Cars passed on a main road out of sight, and a bird sang in the tree limbs above them. Maybe Marcus had fallen asleep. After a while, he pulled the heating pad from his knee and began to massage it. He didn’t speak for another minute, until he leaned against the tree with a strained sigh.
“Last winter, I watched a man get arrested. An old man, preaching in a store parking lot. The agent told me to go back in the store. And I did.”
“You couldn’t have stopped it, though,” Violet said. It wasn’t the same.
“Probably not. But I let the agent think there was only one Christian standing there. I li
stened to the customers cheering while the agent put handcuffs on the guy. I didn’t say anything. And that’s just one thing inside me, and … compared to a lot of things, it’s … well, small.”
“I have more too,” Violet whispered.
“Well. There are things inside everybody. Even after God forgives us. I don’t know if they’re supposed to be gone or not. I know for God, they are. But for me, there’s still … a stain of them.”
“Do you know what Lee’s inner things are?”
The quiet stretched out like their shadows, until he said, “Some of them.”
Those were what Violet had to pray for. And Austin’s, too. That he’d left his sisters at home—that was one thing he felt the stain of inside. She needed to learn more. The more she knew, the better she could pray. And … well, he was Austin. Everything about him was worth knowing.
“Lee’s going to talk to you soon, I think. After she … well, she would call it processing.”
A bird of hope soared in Violet’s chest. Maybe Lee was processing the Bible and would talk to Violet about it. Marcus’s tone didn’t leave room to ask, so Violet said, “I’ll wait.”
“Thanks.”
She leaned her head against the bark and let herself remember a night she’d huddled against a tree at least the size of this one, having run from a half-lit country store. A night she’d hidden and waited for the ruining of lives. She’d never be so stupid again. So young.
Minutes passed. Marcus’s chin dipped toward his chest.
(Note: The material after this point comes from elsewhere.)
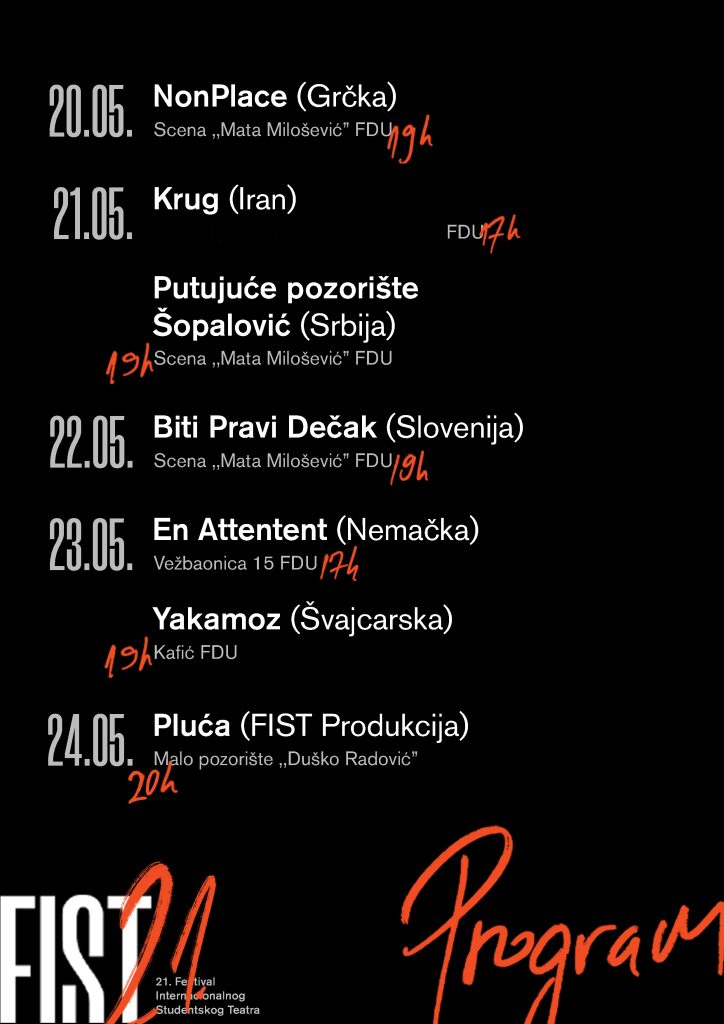 Ove godine FIST obeležava 20 godina postojanja, podsećajući da je kroz sve svoje oblike bio i ostaje utočište za nove glasove koji traže da se čuju. Realizaciju ovogodišnjeg festivala podržali su Ambasada Švajcarske u Beogradu i Goethe-Institut Srbija.

Violet should go, let him sleep here in the sun if he wanted to. She drew her knees up to stand.
His hand jerked, struck the paper plate. Potato salad and beans spilled over the grass. A breath shuddered into him.
“Hey,” Violet said. He didn’t look at her.
He probably wanted her to leave him, but she couldn’t yet. She wrapped her arms around her knees and watched from the corner of her eye while he pulled in another breath. Should she say more or stay quiet?